According to him, about three years ago, the CBN started a policy to encourage backward integration to conserve foreign exchange and create jobs for our people.
“Today, although there have been some successful attempts at producing milk locally, the vast majority of the importers still treat this national aspiration with imperial contempt.
“The ongoing resort to blackmail and undue politicisation through the use of social media attacks can only serve to strengthen our resolve to wean our country from the clutches of powerful and highly influential traders and dealers, who have kept the masses of our people hostage to foreign consumption and condemned our youths to perpetual unemployment.

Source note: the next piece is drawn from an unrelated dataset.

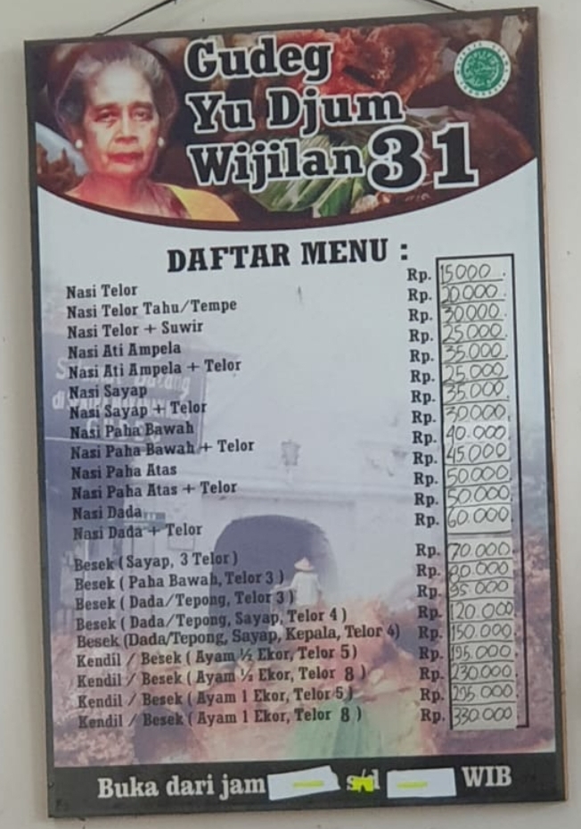 Introducing the Menu at Gudeg Yu Djum

“We call on Nigerians to enlist in this vanguard to take our economy back from vested interests, make our country a productive economy and create jobs for our teeming youths,” he said.
In the last three years, CBN repeatedly said that the drop in crude oil prices between 2015 -2017 marked a turning point for the economy and necessitated the need to develop policies and programmes that will drive productivity across key sectors of the economy, but mostly create employment and support price stability.
So far in the bank’s foray into development financing, as at March 15, 2019, it has committed N171.35 billion in the Anchor Borrowers Programme, with active participations across 36 states of Federation and Federal Capital Territory.
About 920,788 farmers have benefitted in the programme, cultivating about 960, 643 hectares of land across 16 different commodities.
On tomatoes, CBN’s intervention currently stands at a little above N10 billion in eight projects, with one of them being Dangote’s greenhouse manufacturing project that has the capacity to produce 10 million seedlings in a month.
This would be sold to about 5,000 out-growers that would grow and supply the tomato factory which commenced operations a few weeks ago with tomato fruits. The project has the capacity of generating one million jobs from supporting small holder farmers in tomato cultivation to paste, as well as save the economy over $250 million yearly.
Of course, local capacities are being rallied across the country and various sectors, just as Psaltry Farms in Molete, Oyo State, has reduced the importation of starch with local production capacity courtesy of the policy drive.
An investigation in the production of the said company showed that it is currently supplying starch to majority of the conglomerates sector players like Guinness, Cadbury, among others. This has indeed, saved foreign exchange for the country.
Oil palm companies like Presco and Okomu, recorded improved financial year reports, as they have increased capacity, as well as taken over a chunk of demand for palm oil in the country.
Courtesy of the policy direction, Nigeria is now boasting of millions of tonnes of Paddy rice, as Kebbi, Ebonyi, Anambra, Lagos states, among others, are championing the resurgence of rice farming in the country.
Of course, at whatever level, the management of the forex market has rejuvenated domestic production, especially in items that were wholly imported into this country. It is an opportunity to change the economy’s structure, resuscitate local manufacturing and expand job creation.”